WHAT YOU NEED TO DO:
Everything except the pictures should be printed exactly as it appears in the records.
####
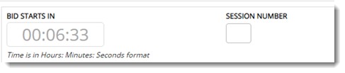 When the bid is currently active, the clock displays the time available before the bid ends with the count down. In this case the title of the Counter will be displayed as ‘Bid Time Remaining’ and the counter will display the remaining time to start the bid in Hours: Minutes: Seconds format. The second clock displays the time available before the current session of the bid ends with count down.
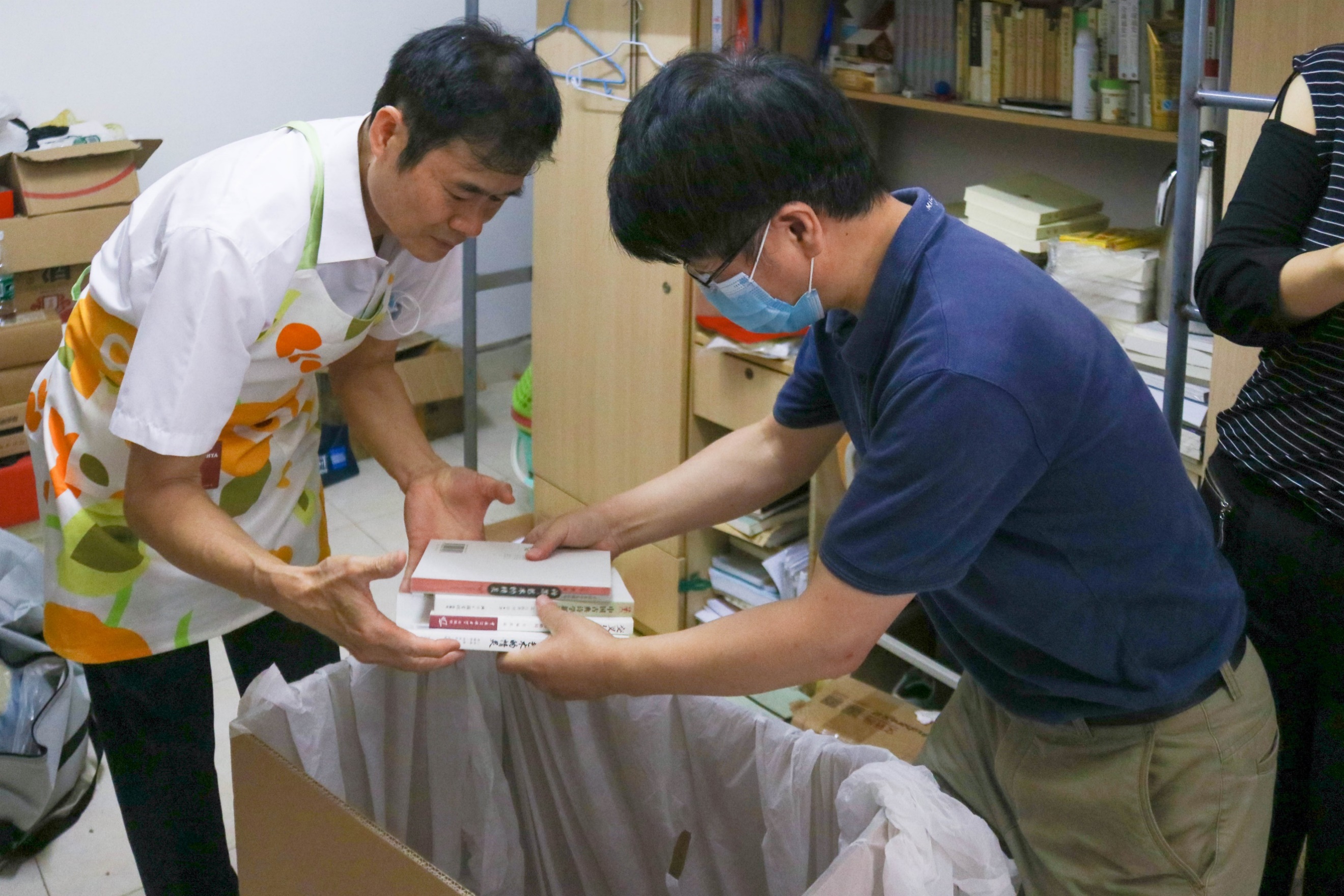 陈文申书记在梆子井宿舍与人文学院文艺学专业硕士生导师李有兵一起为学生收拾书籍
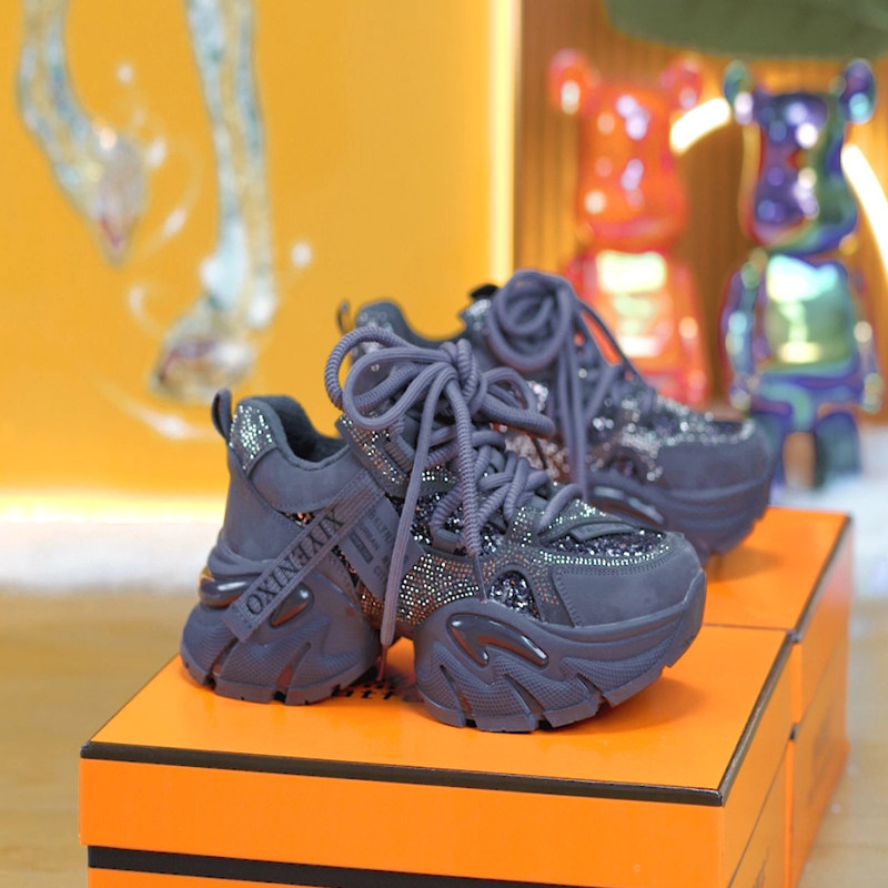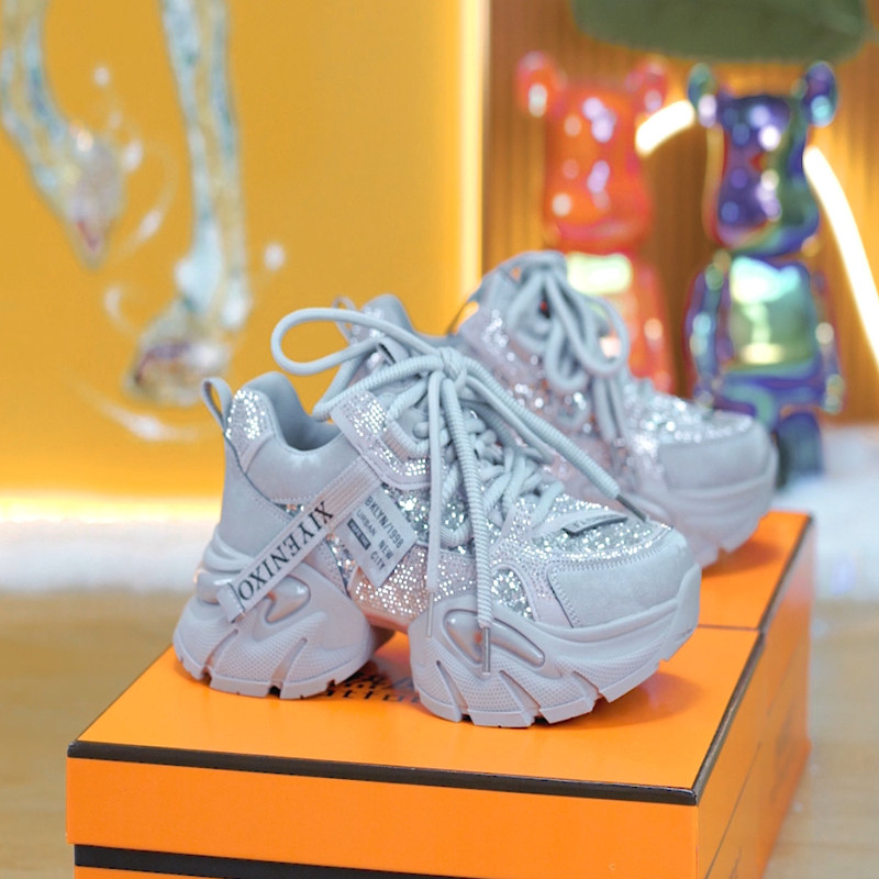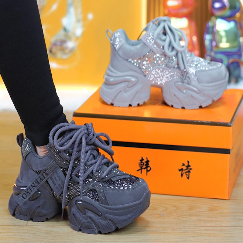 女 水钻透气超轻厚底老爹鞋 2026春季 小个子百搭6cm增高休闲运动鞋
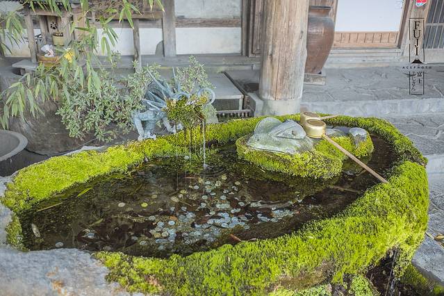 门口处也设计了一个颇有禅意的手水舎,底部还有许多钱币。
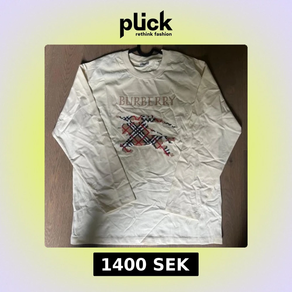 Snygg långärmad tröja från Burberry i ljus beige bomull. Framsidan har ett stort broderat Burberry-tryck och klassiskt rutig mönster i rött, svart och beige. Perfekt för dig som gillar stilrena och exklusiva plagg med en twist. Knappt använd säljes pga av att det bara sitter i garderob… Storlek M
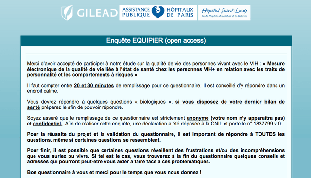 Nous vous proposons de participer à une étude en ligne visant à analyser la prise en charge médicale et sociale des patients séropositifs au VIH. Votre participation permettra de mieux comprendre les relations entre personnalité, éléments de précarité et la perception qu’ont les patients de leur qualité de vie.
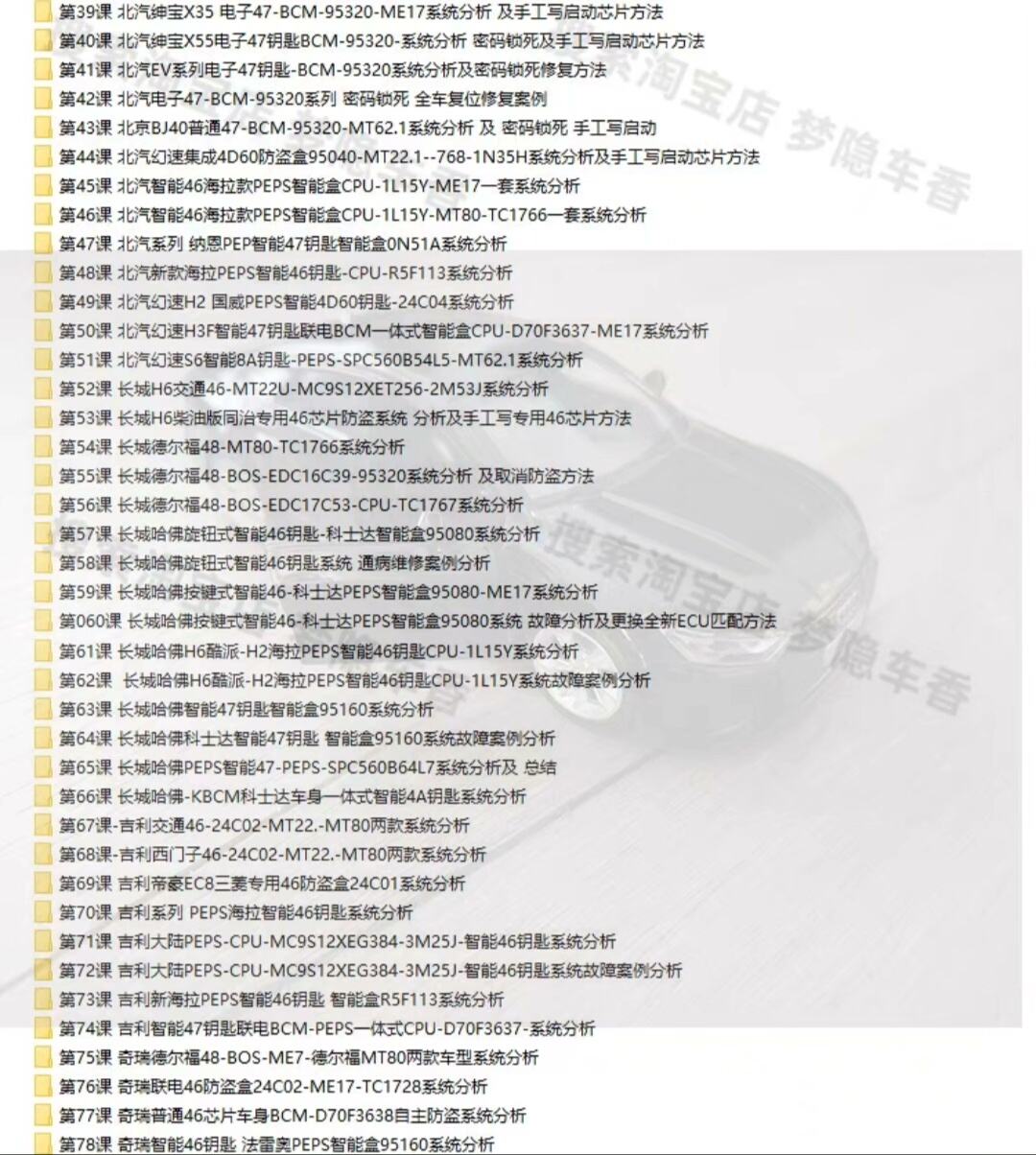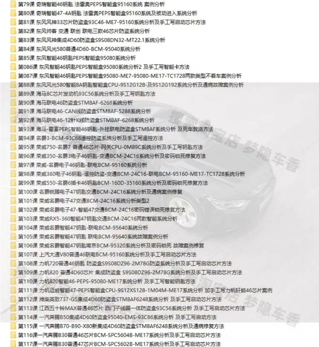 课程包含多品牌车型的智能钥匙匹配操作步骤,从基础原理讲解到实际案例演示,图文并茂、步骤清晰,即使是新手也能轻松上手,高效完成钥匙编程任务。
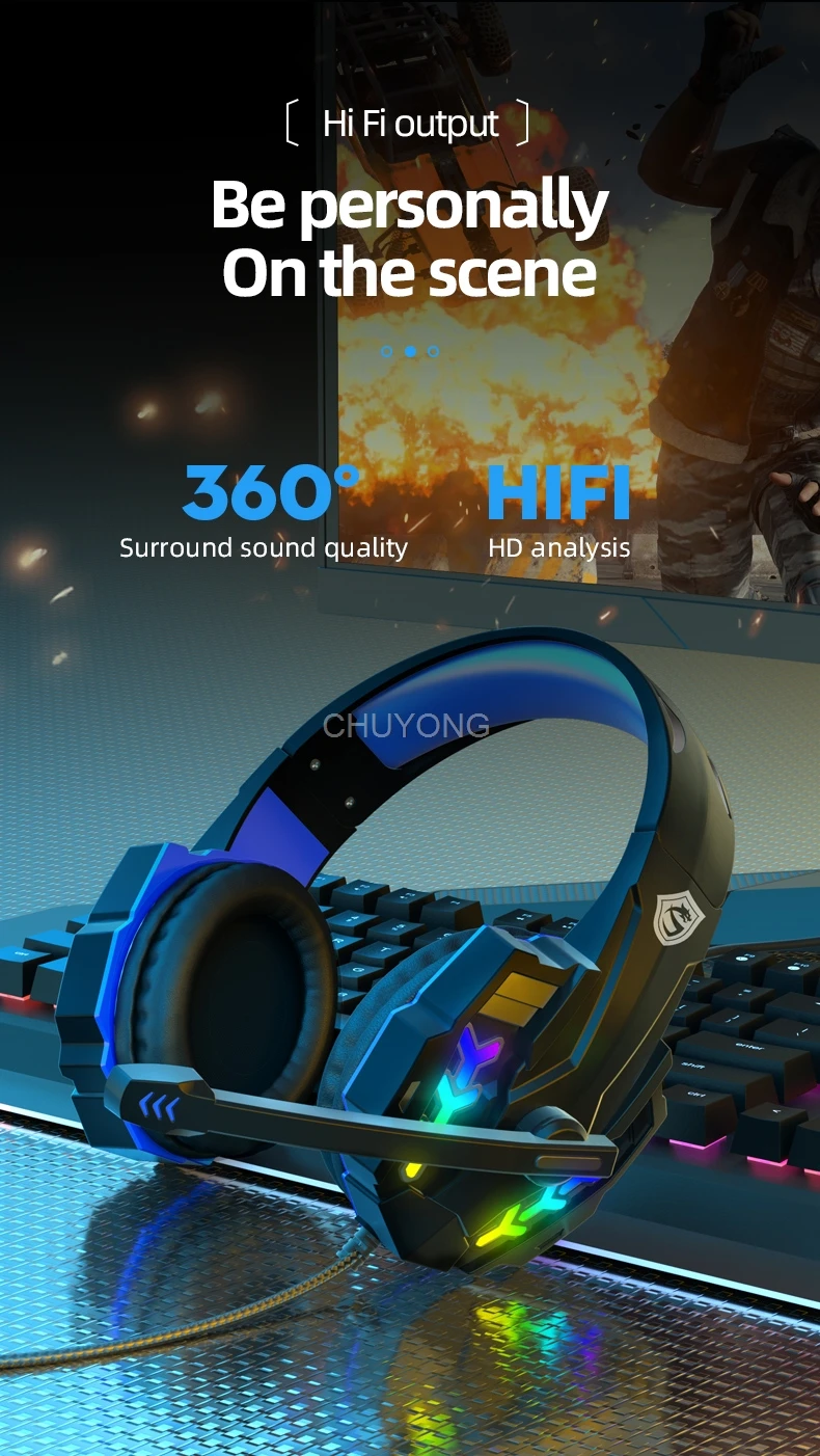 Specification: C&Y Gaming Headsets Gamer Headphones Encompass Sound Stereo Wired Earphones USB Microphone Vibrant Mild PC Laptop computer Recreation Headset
####
OUTPUT:
 When the bid is currently active, the clock displays the time available before the bid ends with the count down. In this case the title of the Counter will be displayed as ‘Bid Time Remaining’ and the counter will display the remaining time to start the bid in Hours: Minutes: Seconds format. The second clock displays the time available before the current session of the bid ends with count down.
 陈文申书记在梆子井宿舍与人文学院文艺学专业硕士生导师李有兵一起为学生收拾书籍
 女 水钻透气超轻厚底老爹鞋 2026春季 小个子百搭6cm增高休闲运动鞋
 门口处也设计了一个颇有禅意的手水舎,底部还有许多钱币。
 Snygg långärmad tröja från Burberry i ljus beige bomull. Framsidan har ett stort broderat Burberry-tryck och klassiskt rutig mönster i rött, svart och beige. Perfekt för dig som gillar stilrena och exklusiva plagg med en twist. Knappt använd säljes pga av att det bara sitter i garderob… Storlek M
 Nous vous proposons de participer à une étude en ligne visant à analyser la prise en charge médicale et sociale des patients séropositifs au VIH. Votre participation permettra de mieux comprendre les relations entre personnalité, éléments de précarité et la perception qu’ont les patients de leur qualité de vie.
 课程包含多品牌车型的智能钥匙匹配操作步骤,从基础原理讲解到实际案例演示,图文并茂、步骤清晰,即使是新手也能轻松上手,高效完成钥匙编程任务。
 Specification: C&Y Gaming Headsets Gamer Headphones Encompass Sound Stereo Wired Earphones USB Microphone Vibrant Mild PC Laptop computer Recreation Headset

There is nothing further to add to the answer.